Dataset entries:
════════

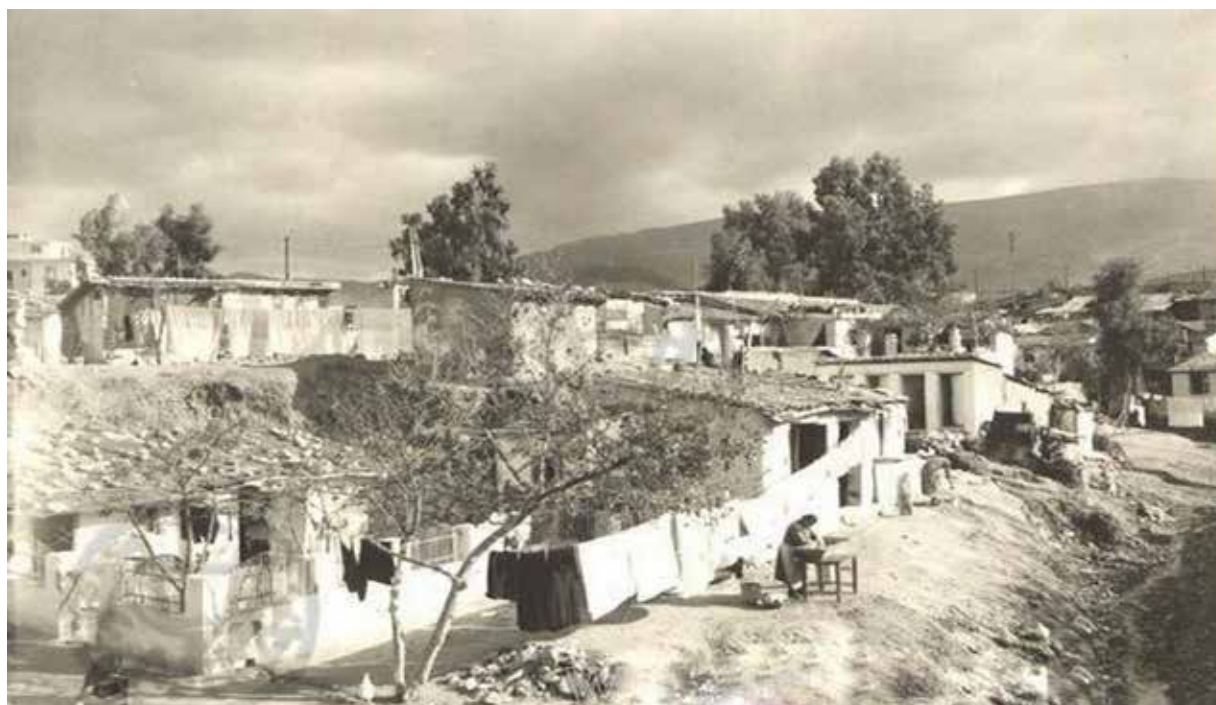
Οι προσφυγικές παράγκες δίπλα στους μεγάλους ευκάλυπτους στις όχθες του ντερέ (ρέμα) στην Καισαριανή

- Όπως γράφουν αυτοί που ακούς στο ραδιόφωνο, έτσι γράφεις κι εσύ. Όμως εγώ τα τραγούδια τα
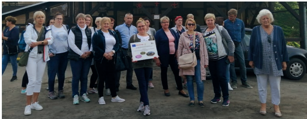
Pamiętkowe zdjęcie - Zabytkowy Młyn w Grucznie.

Wizyta miała na celu zapoznanie się z działalnością lokalnych serowarów zajmujących się m.in. produkcją serów z mleka krowiego oraz koziego – w trakcie wizyty uczestnicy zyskali możliwość zapoznania się z tajnikami wyrobu serów, jak również funkcjonowania gospodarstwa zajmującego się hodowlą rodzimych ras owiec. Były to praktyczne warsztaty, w trakcie których omawiane były wszystkie zagadnienia związane z tematem – od niezbędnych narzędzi poczynawszy, aż po fachowe wskazówki, od których uzależniony jest efekt końcowy w postaci pysznego sera.
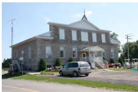
L'ancien collège du Sacré-Cœur au 1960, rue Principale. IMG_8491.jpg
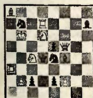
Мат в 2 хода
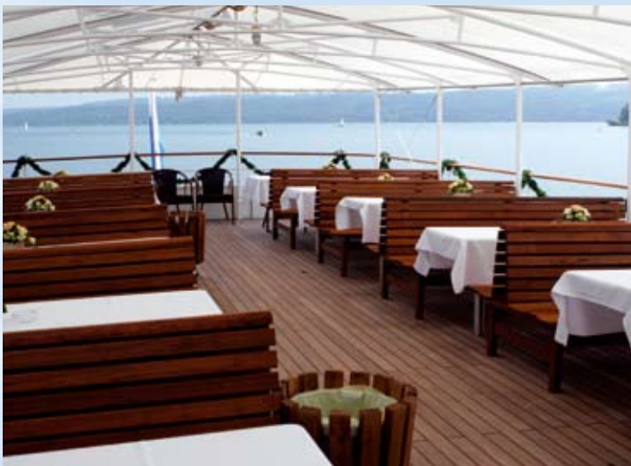
Das geräumige Freideck.
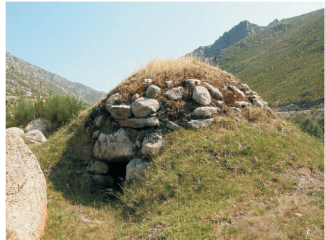
Chivana. Refuxio de pastores.

Unha ruta no parque Natural da BaixaLimia-Serra do Xurés de grande interese paisaxístico, xeolóxico, biolóxico e etnográfico. Poderemos coñecer o val glaciar do río Vilameá e os numerosos saltos e pozas que forma este río no seu brusco descenso desde os cumes da serra do Xurés ata atoparse co río Caldo (afluente do Limia).
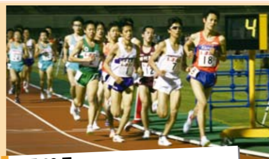
4月29日 第6回チャレンジミートウ in くまがや

熊谷スポーツ文化公園陸上競技場で、全国各地からトップアスリートを迎え、陸上競技中長距離の公認記録会が開催されました。
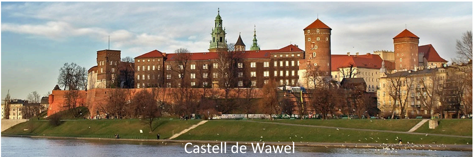
Castell de Wawel
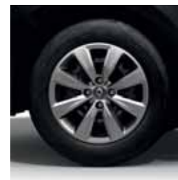
Enjoliveurs 15" Iremia
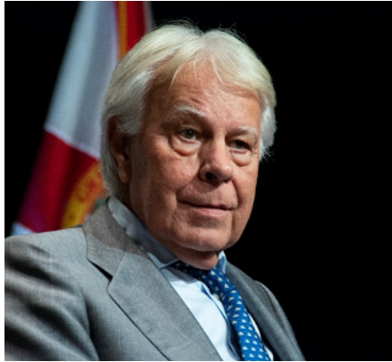
FELIPE GONZÁLEZ EXPRESIDENTE DEL GOBIERNO DE ESPAÑA

“Es una discusión delicada en la que están en juego muchos derechos, la libertad de expresión, pero también una serie de valores como la tolerancia, la privacidad, la información de parte de la gente... Cuando se aplican las plataformas para enviar mensajes automatizados en miles de miles conteniendo noticias falsas, desinformación o bien incentivando el discurso de odio tienden a ser mucho más dañinos en contextos en donde encontramos altos niveles de polinización, una prensa ya de por sí partidista y altos niveles de desconfianza en las instituciones del país, y muy bajos niveles de educación digital. Las respuestas tienen que ser montadas sobre la base de un conjunto de principios, y varias organizaciones ya trabajan al respecto, como la Comisión Interamericana Derechos Humanos... Creo que lo que importa es que recojamos estos valores, esos principios y entendamos esto, que nadie puede erigirse en único y exclusivo árbitro de este tema, ni un gobierno, ni una empresa tecnológica, pues son muchos los que tienen que participar de este debate de puertas abiertas” ■
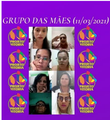
GRUPO DAS MÃES
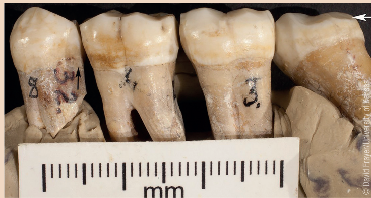
Die vier gefundenen Zähne des Neandertalers, rechts der verdrehte Prämolare.

Unter einem Lichtmikroskop betrachteten die Forscher die gefundenen vier Zähne genauer. Dabei wurden Spuren entdeckt, die von einer Art Zahnstocher zeugen könnten. Vermutet werden spitze Knochen oder harte Äste, mit denen am Zahn manipuliert wurde. Die Ursache für die prähis-

════════

■ **DESCRIPTION OF THE TASK**
Reproduce the data above line for line, from its first line through the line containing "Das geräumige Freideck.", both ends included, with the pictures omitted and nothing more.

■ **ANSWER BELOW**
Οι προσφυγικές παράγκες δίπλα στους μεγάλους ευκάλυπτους στις όχθες του ντερέ (ρέμα) στην Καισαριανή

- Όπως γράφουν αυτοί που ακούς στο ραδιόφωνο, έτσι γράφεις κι εσύ. Όμως εγώ τα τραγούδια τα
Pamiętkowe zdjęcie - Zabytkowy Młyn w Grucznie.

Wizyta miała na celu zapoznanie się z działalnością lokalnych serowarów zajmujących się m.in. produkcją serów z mleka krowiego oraz koziego – w trakcie wizyty uczestnicy zyskali możliwość zapoznania się z tajnikami wyrobu serów, jak również funkcjonowania gospodarstwa zajmującego się hodowlą rodzimych ras owiec. Były to praktyczne warsztaty, w trakcie których omawiane były wszystkie zagadnienia związane z tematem – od niezbędnych narzędzi poczynawszy, aż po fachowe wskazówki, od których uzależniony jest efekt końcowy w postaci pysznego sera.
L'ancien collège du Sacré-Cœur au 1960, rue Principale. IMG_8491.jpg
Мат в 2 хода
Das geräumige Freideck.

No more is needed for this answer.